Setting up from scratch - Looking for help (ISO9001 / ISO13485)

W

whelmed

My company is a start-up starting from scratch. We've been working for baout 4 years now, but in the next 2 years the goal is to become ISO 9001/13485 certified.

There are only 4 of us and we are all pretty much flying blind when it comes to ISO Specs.

Is there a DIY guide, or good books that someone can recommend? I've had a lot of experience in companies that are ISO certified in both of these, but never to set it up.

Thanks so much!
 

TPMB4

Quite Involved in Discussions
Re: Setting up from scratch, looking for help (9001 / 13485)

When I was new to quality role (still a novice) I went down the book route.

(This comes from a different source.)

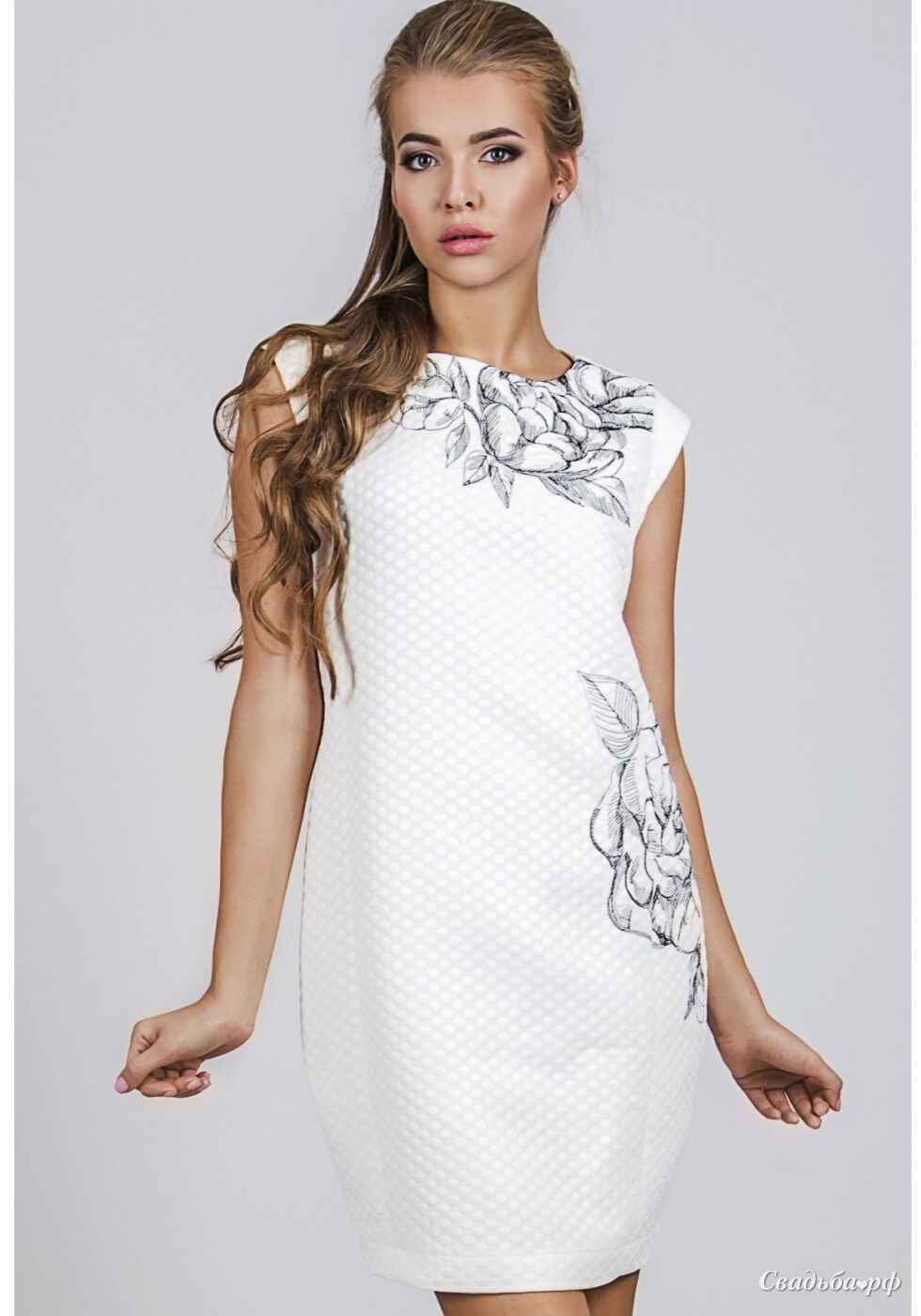 Платье силуэта «кокон» из жаккарда с вертикальными рельефами на полочке и спинке. Рукав-крылышко. В среднем шве спинки обработана металлическая молния.

Got a reasonable book on ISO9001 (well thought it was at the time). I must admit I never really use it now. I guess the best book is the standard itself and this forum. Feel free to ask questions here as it really is a good way to learn, from those who have traveled the path before you.

One good thing is that as a small start up there is unlikely to be an issue with buy-in to the quality thing. Assuming from the small number of people involved you are also top management/boss/owner and everyone is motivated by the project (i.e. the start-up). I imagine it is very exciting times. Good luck.

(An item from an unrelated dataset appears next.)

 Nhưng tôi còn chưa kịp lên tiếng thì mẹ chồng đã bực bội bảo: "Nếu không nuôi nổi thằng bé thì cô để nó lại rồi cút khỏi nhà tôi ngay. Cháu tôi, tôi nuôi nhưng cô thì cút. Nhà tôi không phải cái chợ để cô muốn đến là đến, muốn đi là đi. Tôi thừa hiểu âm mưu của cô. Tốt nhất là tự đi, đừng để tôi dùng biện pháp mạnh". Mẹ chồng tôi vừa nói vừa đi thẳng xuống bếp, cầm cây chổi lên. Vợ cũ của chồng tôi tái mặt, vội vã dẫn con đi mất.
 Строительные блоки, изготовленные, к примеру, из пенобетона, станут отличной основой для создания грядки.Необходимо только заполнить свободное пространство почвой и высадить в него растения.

As far as books go, I think people on here rate an expert with the name Cochrane, could be wrong. Being from the UK I looked at a few ISO books that seem popular on Amazon UK, the likes of Hoyle. I ended up getting another author whose name escapes me. Guess that says a lot about how useful I found that book!!!
 

somashekar

Leader
Admin
Re: Setting up from scratch, looking for help (9001 / 13485)

My company is a start-up starting from scratch. We've been working for baout 4 years now, but in the next 2 years the goal is to become ISO 9001/13485 certified.

There are only 4 of us and we are all pretty much flying blind when it comes to ISO Specs.

Is there a DIY guide, or good books that someone can recommend? I've had a lot of experience in companies that are ISO certified in both of these, but never to set it up.

Thanks so much!
Four of you perhaps at a higher level of business management sense, and you have the time ahead of you to establish the quality management (9001/13485) ...
What more do you want than the standard itself and this forum ... TPMB4 is spot on.
Getting your scope clearly and correctly and determining the type of your medical device (lets call it classification) and the region where you want it put (The market) so as to understand the regulatory requirement of the potential market and systamatically PLANNING, DOING, CHECKING, and CORRECTING both the product as well as your systems which make the product (Design, Manufacture, Sales, Post market activities) is all that is in the 9001/13485.
For more, ask specific questions and search this forum with good key words.
 

mihzago

Trusted Information Resource
I would recommend any of the guidance documents on implementation of the QMS and Specific processes (e.g. risk management).
This one is very good: PLUS 13485: The ISO 13485 Essentials.
also check out this blog http://medicaldeviceacademy.com/#

Many of the books on ISO spend too much time on philosophy or are too general to be useful.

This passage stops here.